Where does this energy go? Initially it is shared between escaping neutrinos and making the the dense core extremely hot ($10^{11}$ K). However, as the central core achieves neutron star densities, the collapse is abruptly halted by the repulsion between closely packed nucleons and the consequent "bounce" drives a shockwave outwards.

The shock wave is not powerful enough to power the supernova. Instead, the driving force at play is the increased opacity of the hot, dense inner regions to neutrinos.

A basic rule of thumb is it takes a light year of lead to stop a neutrino. But neutron star densities are about $10^{13}$ times that of lead, so the equivalent is around 10 km of neutron star material. It is the absorption of the energy and momentum of just a small fraction (a few percent) of the neutrinos produced in the hot, but rapidly cooling, core, that drives the supernova explosion and throws off the outer envelope of the star.

Now to your specific question:

The hot core produces neutrinos chiefly via the URCA process. These are cycles of beta decay and inverse beta decay. $$ n \rightarrow p + e + \bar{\nu}$$ $$ p + e \rightarrow n + \nu $$ At very high temperatures, these processes can come into thermal equilibrium (ordinarily, the second process is energetically unfavorable).
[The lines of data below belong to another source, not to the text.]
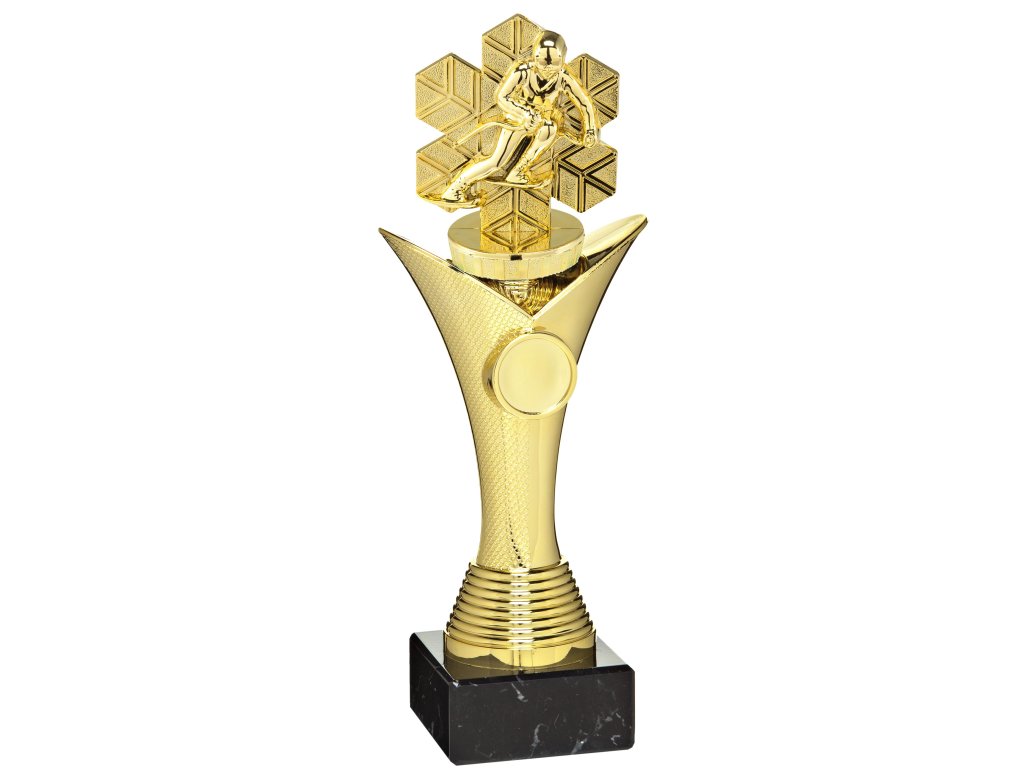 Výnimočný vzhľad trofeje vytvára štýlový zlatý podstavec, na ktorom je vsadená figúrka s motívom lyžovania. Trofej je možné doplniť o emblém (nie je v cene) a je ideálnou voľbou pre všetky typy športov + možnosť gravírovaného štítku umiestneného na mramorovom podstavci. Varianty sú dostupné v 3 veľkostiach pre odstupňovanie poradia ocenených.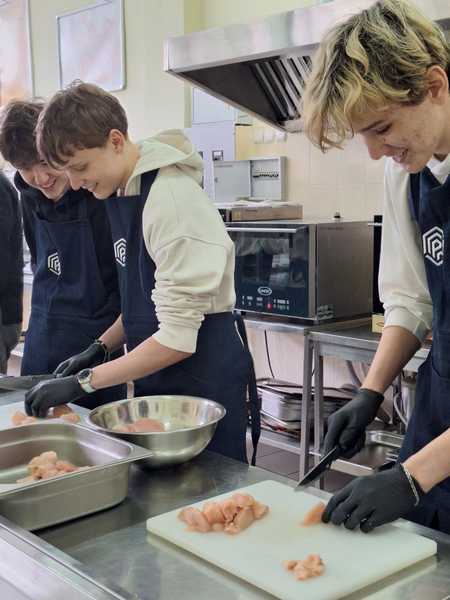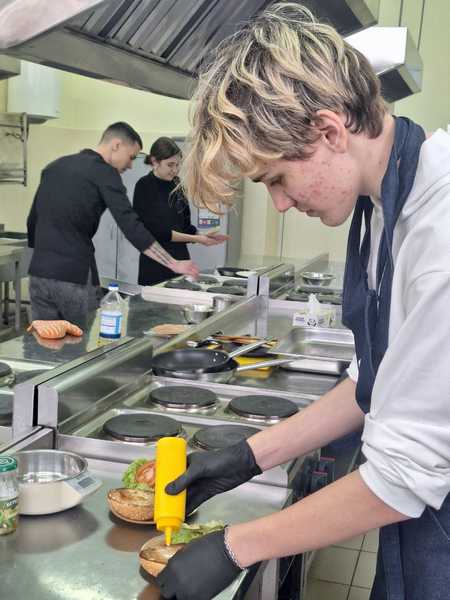 Разом з викладачем кафедри готельно-ресторанного бізнесу Антонюк Юлією Анатоліївною та студентами спеціальності J2 «Готельно-ресторанна справа та кейтеринг» Мазуліним Сергієм і Петровою Христиною хлопці та дівчата: готували котлети, нарізали овочі, збирали свої авторські бургери та вчилися працювати в команді на професійній кухні.
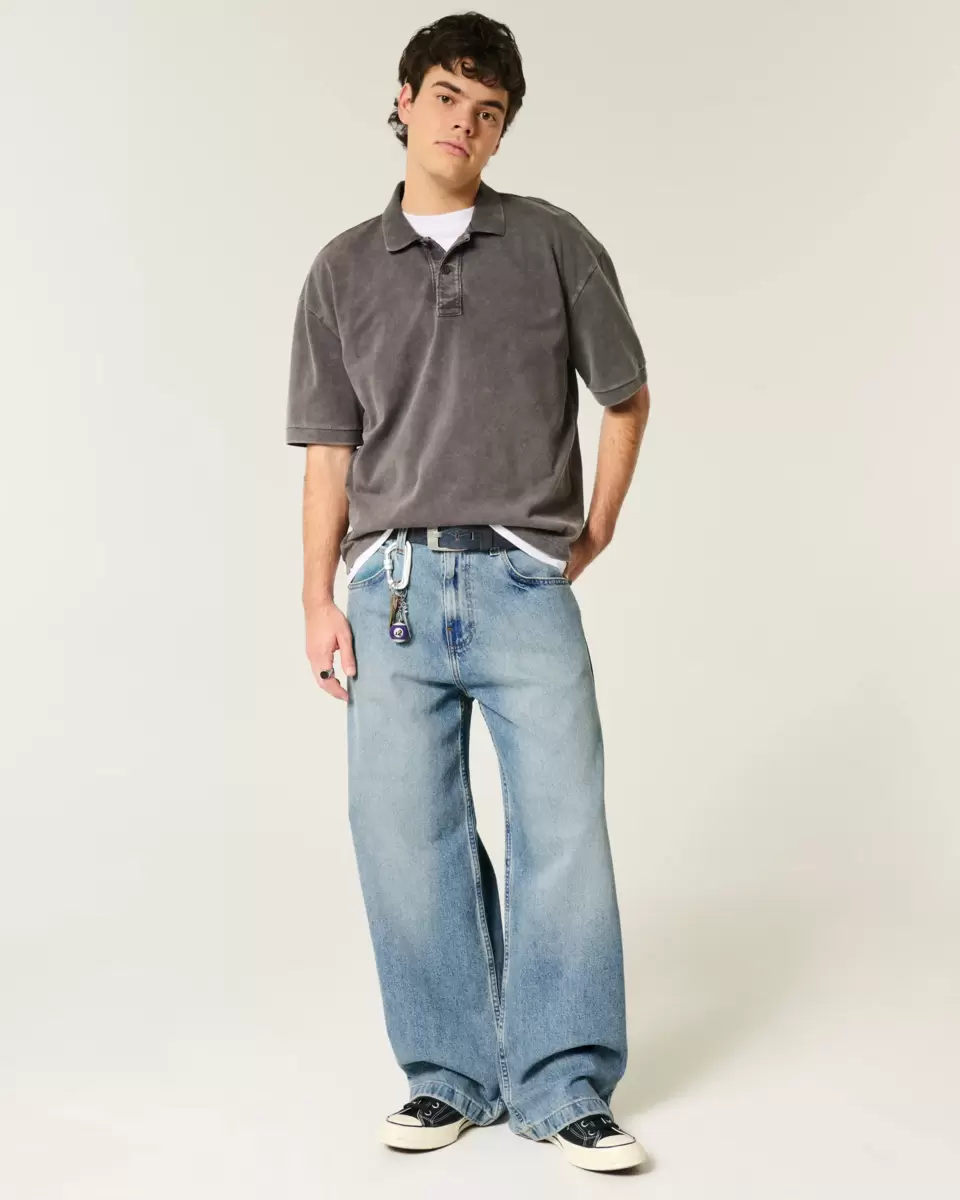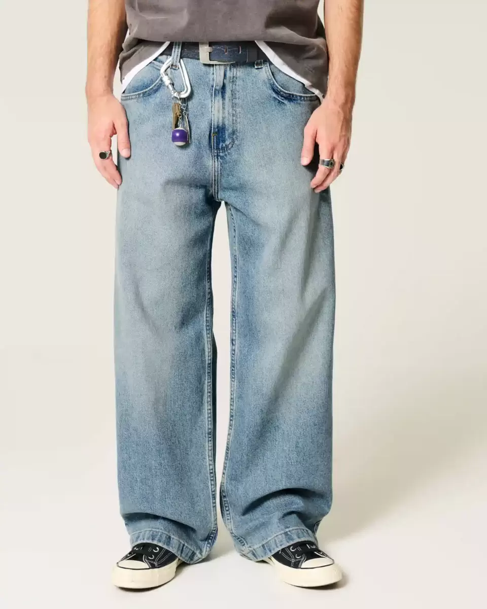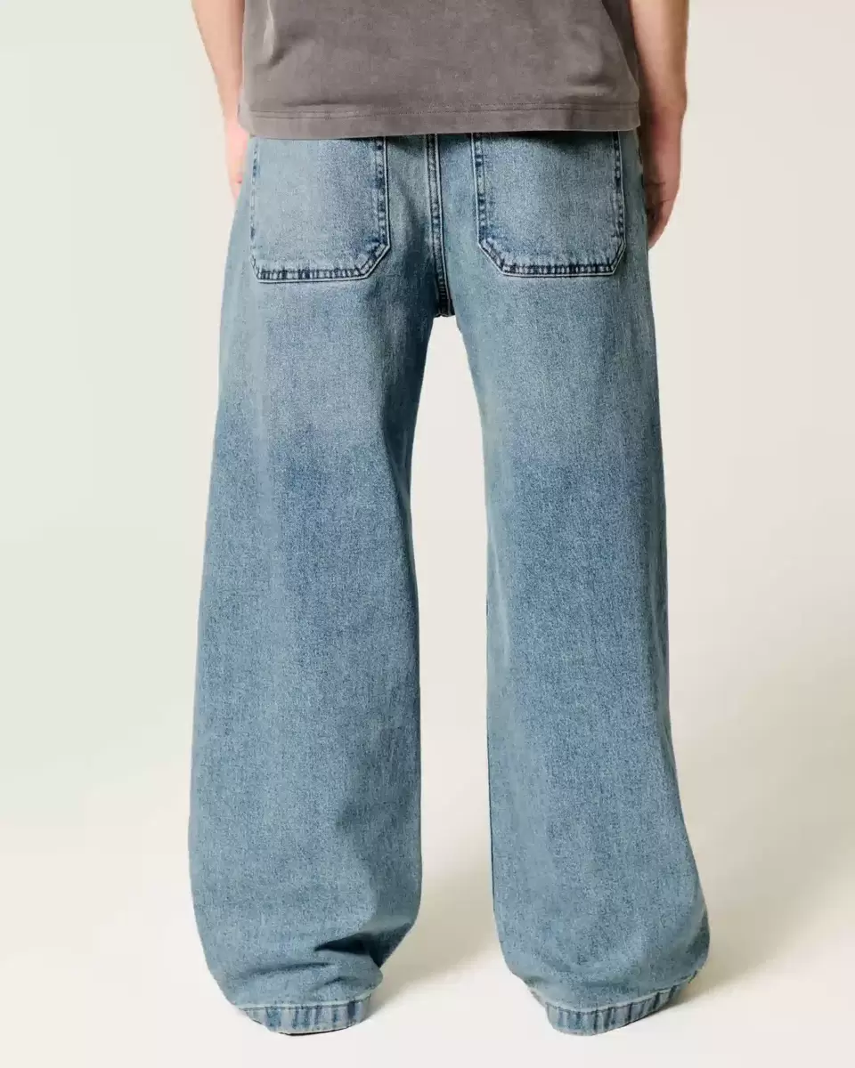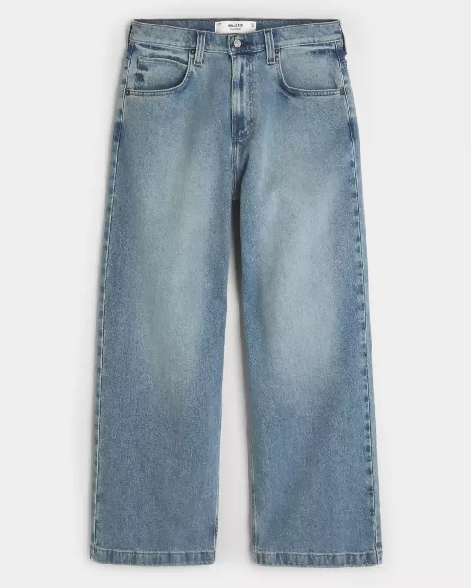 Comfortable denim jeans in a medium wash, designed with a super baggy leg and classic 5-pocket styling. Fading. Imported.

The resultant (anti) neutrinos have a range of energies of order $k_B T \sim 10$ MeV and would be called "thermal neutrinos".

Electron and positrons produced by pair production at high energies can also annihilate to produce neutrino/anti neutrinos pairs. Again, the energies of the neutrinos reflect the thermal energies of the electrons and positrons. There is also a scattering interaction between nucleons that can produce neutrino/anti neutrino pairs called "neutrino bremsstrahlung".

These thermal neutrinos are a coolant. They take away energy from the core, allowing it to cool by an order of magnitude in seconds by emitting $\sim 10^{57}$ such neutrinos (the thermal energy of the core divided by 10 MeV). However, in these first few seconds after core collapse, the region just outside where these neutrinos are produced is able to absorb some of them, which drives the explosion.